I have to mine the following sequence pattern from a large fasta file namely gene.fasta (contains multiple fasta sequences) along with the flanking sequences of 5 bases at starting position and ending position,
AAGCZ-N16-AAGCZ
Z represents A, C or G (Except T)
N16 represents any of the four bases including A, T, G or C and these four base combination should have the length of 16 bases.
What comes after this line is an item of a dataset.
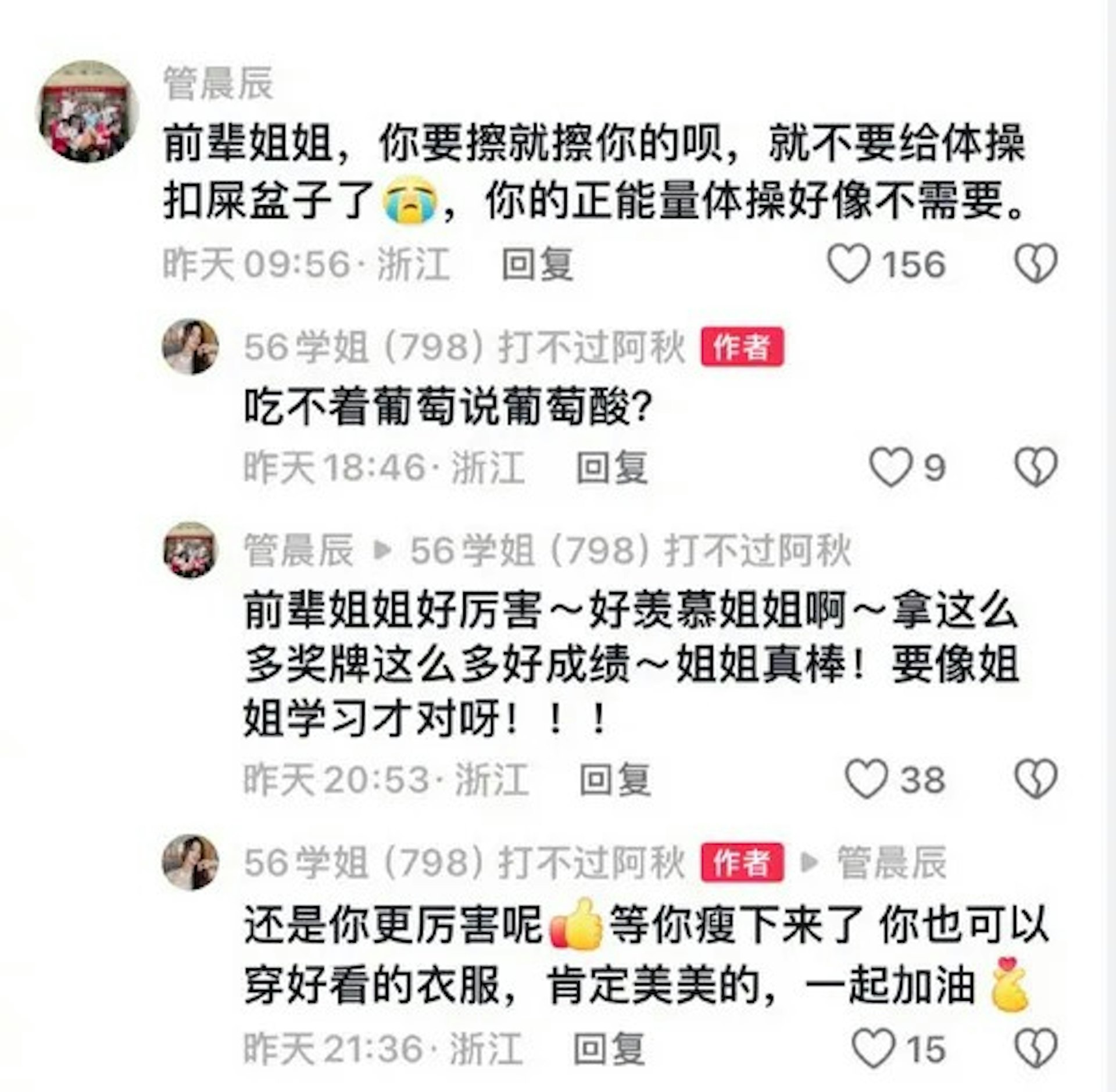前中國體操女隊隊員吳柳芳轉型網紅後,在社交平台發布多條性感熱舞影片,世界冠軍師妹管晨辰則批評她「不要給體操扣屎盆子了」,事件引發爭議,網民反應兩極。5.39.217.76# d. d7 P; b' @7 k) E

I have a fasta file as follows,
gene.fasta
>dox
ATGCTATGATAGTAGTAGATAGAGAGAGAGATAGATAGAGAGATAGATAG
>cyclin
ATGAGATAGAAAGCCATAGATAGTAGTAGATAAGCATATAGATAGATAGTAGTGATA
>fyl
TAGTAGTAGATAGATAGATGCGTACTGCTGATGATAGATGATAGATAGATAGATTAGAT
>tubulin
TAGATAGAAAGCAATAGATAGAACAAGATAAGCCTAGTCGTAGATGATAGATAG
The expected output should be like this,
>org1_1
ATAGAAAGCCATAGATAGTAGTAGATAAGCATATAG
>org1_2
ATAGAAAGCAATAGATAGAACAAGATAAGCCTAGTC
In order to mine the above mentioned pattern, I have used grep command but, I do not know how to specify only 3 bases for Z and also I could not specify N16 criteria in the grep command line. In addition to this, I do not know how to mine the 5 of the flanking bases along with the pattern. So kindly help me in this regard.
Thank you in advance.